### Given records
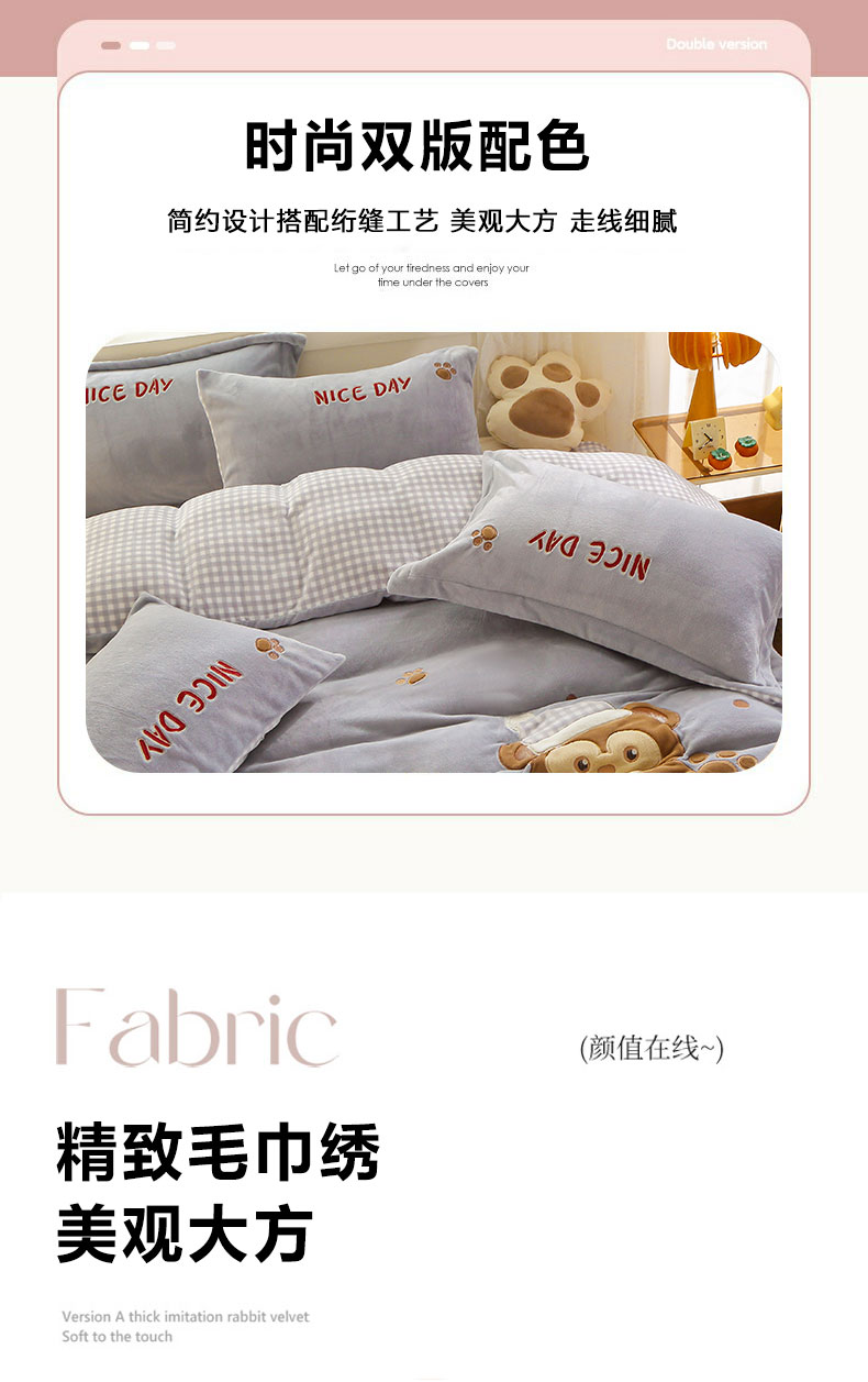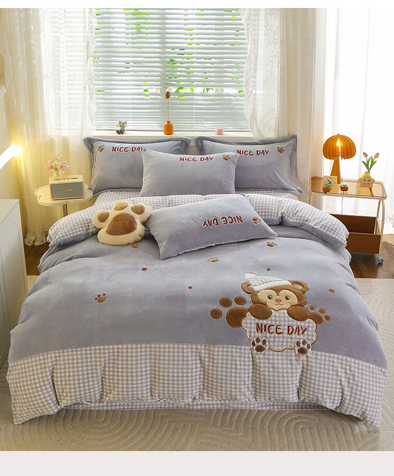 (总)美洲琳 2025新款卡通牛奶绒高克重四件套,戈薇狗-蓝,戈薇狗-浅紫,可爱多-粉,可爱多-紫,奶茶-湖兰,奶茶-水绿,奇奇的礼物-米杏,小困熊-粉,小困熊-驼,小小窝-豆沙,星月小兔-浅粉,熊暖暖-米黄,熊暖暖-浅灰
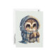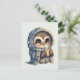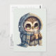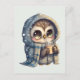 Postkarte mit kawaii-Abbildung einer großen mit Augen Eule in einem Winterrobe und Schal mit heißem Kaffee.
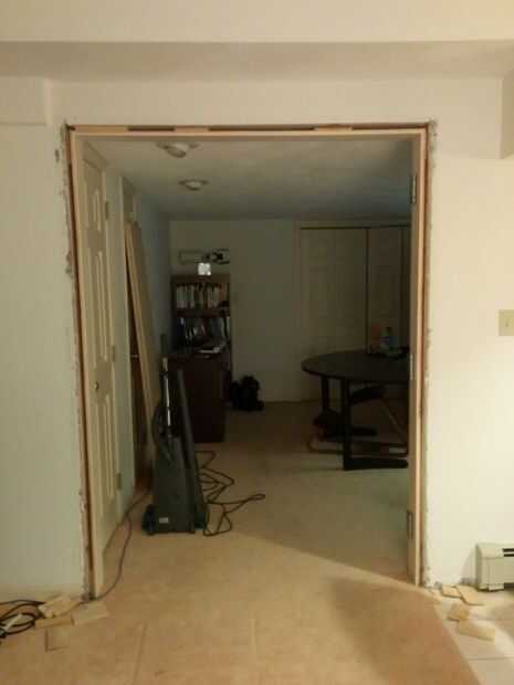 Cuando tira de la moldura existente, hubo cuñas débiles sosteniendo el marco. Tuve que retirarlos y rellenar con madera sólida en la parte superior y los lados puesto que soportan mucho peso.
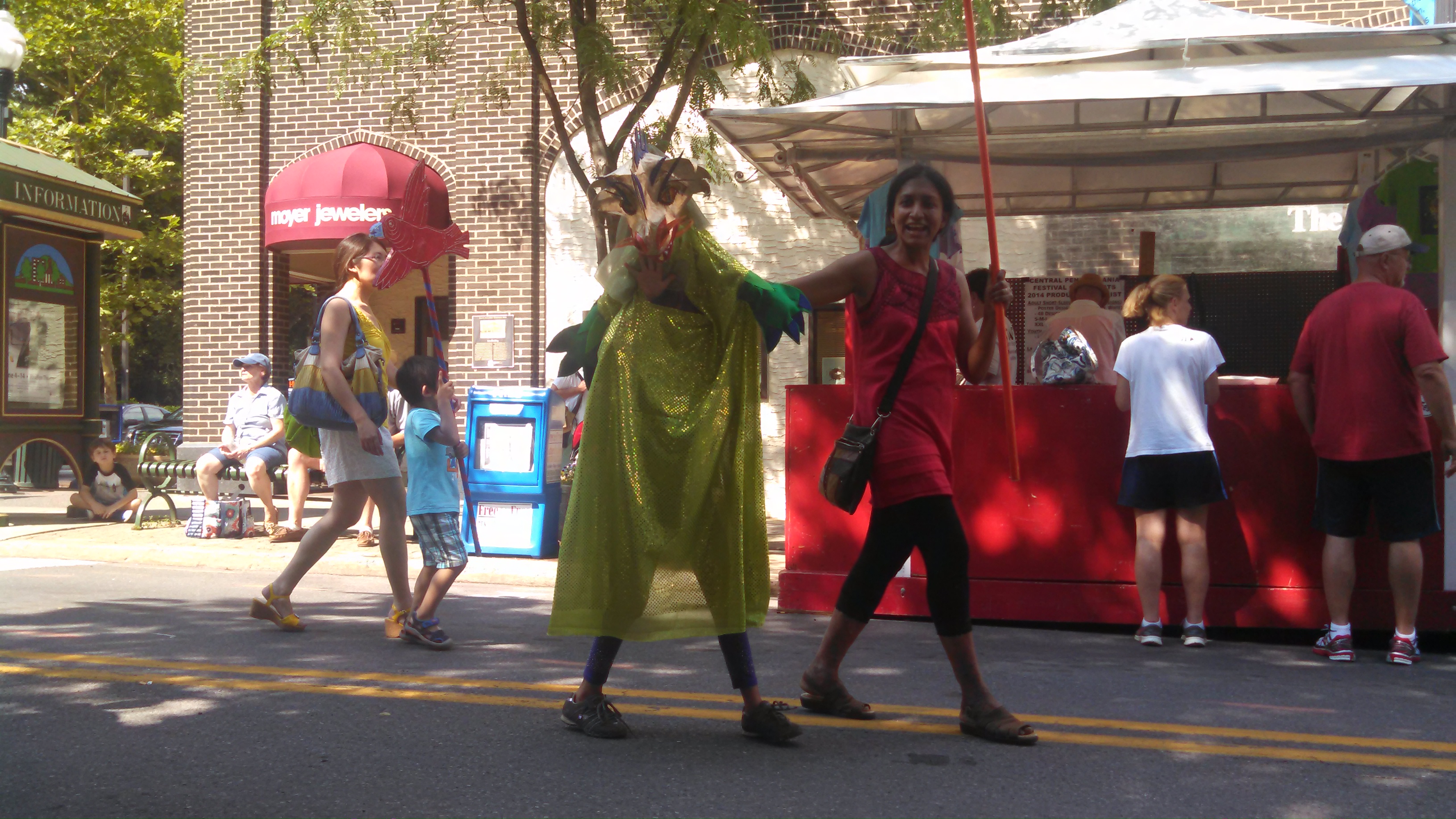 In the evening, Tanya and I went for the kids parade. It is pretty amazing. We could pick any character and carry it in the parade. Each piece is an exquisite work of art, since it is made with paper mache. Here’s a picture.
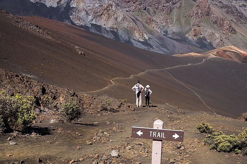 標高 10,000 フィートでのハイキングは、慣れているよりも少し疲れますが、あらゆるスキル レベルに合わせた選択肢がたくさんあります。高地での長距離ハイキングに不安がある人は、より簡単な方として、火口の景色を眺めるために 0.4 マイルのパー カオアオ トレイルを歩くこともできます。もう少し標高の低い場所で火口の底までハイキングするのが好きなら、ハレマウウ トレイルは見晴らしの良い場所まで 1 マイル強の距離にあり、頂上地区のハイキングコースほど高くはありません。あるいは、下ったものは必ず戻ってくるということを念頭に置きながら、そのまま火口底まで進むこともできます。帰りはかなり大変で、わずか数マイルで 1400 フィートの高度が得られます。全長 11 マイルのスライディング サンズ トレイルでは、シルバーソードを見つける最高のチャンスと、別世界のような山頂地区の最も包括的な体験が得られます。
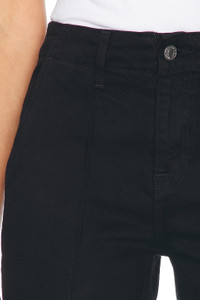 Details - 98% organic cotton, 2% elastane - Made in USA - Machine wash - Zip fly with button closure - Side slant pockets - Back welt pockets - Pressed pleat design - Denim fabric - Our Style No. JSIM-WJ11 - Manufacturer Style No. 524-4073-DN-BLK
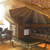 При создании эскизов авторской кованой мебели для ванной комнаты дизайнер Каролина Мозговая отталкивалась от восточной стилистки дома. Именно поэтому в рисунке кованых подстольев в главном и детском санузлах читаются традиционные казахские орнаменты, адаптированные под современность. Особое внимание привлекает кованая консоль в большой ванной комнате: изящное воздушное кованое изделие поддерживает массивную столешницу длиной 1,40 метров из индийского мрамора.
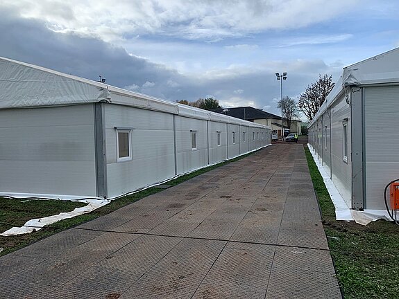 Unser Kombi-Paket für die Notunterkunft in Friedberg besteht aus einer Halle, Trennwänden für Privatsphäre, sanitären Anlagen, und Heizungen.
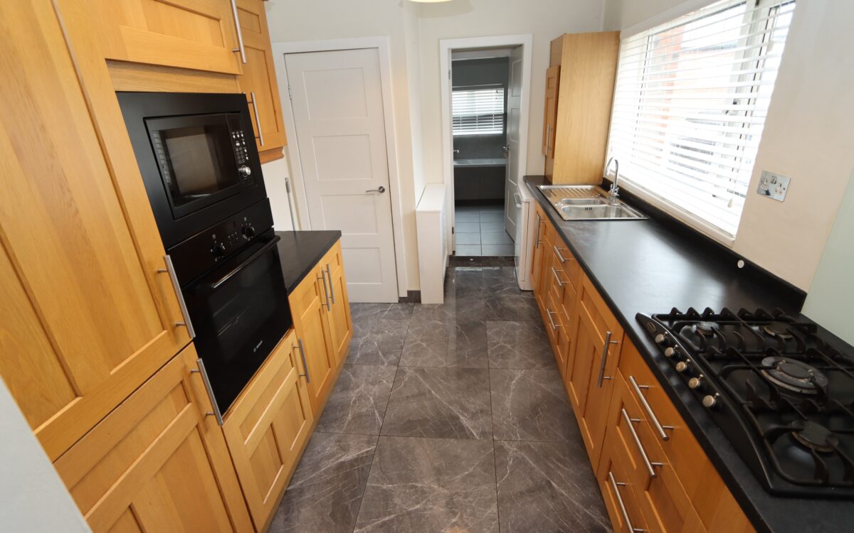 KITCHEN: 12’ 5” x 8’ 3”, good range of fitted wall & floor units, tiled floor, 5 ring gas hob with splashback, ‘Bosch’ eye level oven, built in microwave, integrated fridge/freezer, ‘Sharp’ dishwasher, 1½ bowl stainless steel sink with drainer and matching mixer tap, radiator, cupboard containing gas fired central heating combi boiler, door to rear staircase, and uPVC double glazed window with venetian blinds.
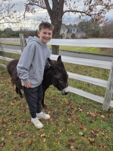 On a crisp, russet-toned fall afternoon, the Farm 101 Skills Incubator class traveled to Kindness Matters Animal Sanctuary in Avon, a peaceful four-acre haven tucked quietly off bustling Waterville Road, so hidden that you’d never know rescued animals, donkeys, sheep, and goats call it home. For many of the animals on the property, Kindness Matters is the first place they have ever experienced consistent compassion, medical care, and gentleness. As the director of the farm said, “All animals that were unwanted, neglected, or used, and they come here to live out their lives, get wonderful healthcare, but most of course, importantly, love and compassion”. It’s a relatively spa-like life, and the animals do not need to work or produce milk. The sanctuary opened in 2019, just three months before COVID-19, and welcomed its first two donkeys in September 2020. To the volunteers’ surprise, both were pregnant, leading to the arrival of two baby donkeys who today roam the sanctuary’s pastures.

### Task description
Starting with the line above that holds "In the evening, Tanya", restate each line word for word up to and including the line that holds "Unser Kombi-Paket für". Drop the pictures.

### Solved exercise
 In the evening, Tanya and I went for the kids parade. It is pretty amazing. We could pick any character and carry it in the parade. Each piece is an exquisite work of art, since it is made with paper mache. Here’s a picture.
 標高 10,000 フィートでのハイキングは、慣れているよりも少し疲れますが、あらゆるスキル レベルに合わせた選択肢がたくさんあります。高地での長距離ハイキングに不安がある人は、より簡単な方として、火口の景色を眺めるために 0.4 マイルのパー カオアオ トレイルを歩くこともできます。もう少し標高の低い場所で火口の底までハイキングするのが好きなら、ハレマウウ トレイルは見晴らしの良い場所まで 1 マイル強の距離にあり、頂上地区のハイキングコースほど高くはありません。あるいは、下ったものは必ず戻ってくるということを念頭に置きながら、そのまま火口底まで進むこともできます。帰りはかなり大変で、わずか数マイルで 1400 フィートの高度が得られます。全長 11 マイルのスライディング サンズ トレイルでは、シルバーソードを見つける最高のチャンスと、別世界のような山頂地区の最も包括的な体験が得られます。
 Details - 98% organic cotton, 2% elastane - Made in USA - Machine wash - Zip fly with button closure - Side slant pockets - Back welt pockets - Pressed pleat design - Denim fabric - Our Style No. JSIM-WJ11 - Manufacturer Style No. 524-4073-DN-BLK
 При создании эскизов авторской кованой мебели для ванной комнаты дизайнер Каролина Мозговая отталкивалась от восточной стилистки дома. Именно поэтому в рисунке кованых подстольев в главном и детском санузлах читаются традиционные казахские орнаменты, адаптированные под современность. Особое внимание привлекает кованая консоль в большой ванной комнате: изящное воздушное кованое изделие поддерживает массивную столешницу длиной 1,40 метров из индийского мрамора.
 Unser Kombi-Paket für die Notunterkunft in Friedberg besteht aus einer Halle, Trennwänden für Privatsphäre, sanitären Anlagen, und Heizungen.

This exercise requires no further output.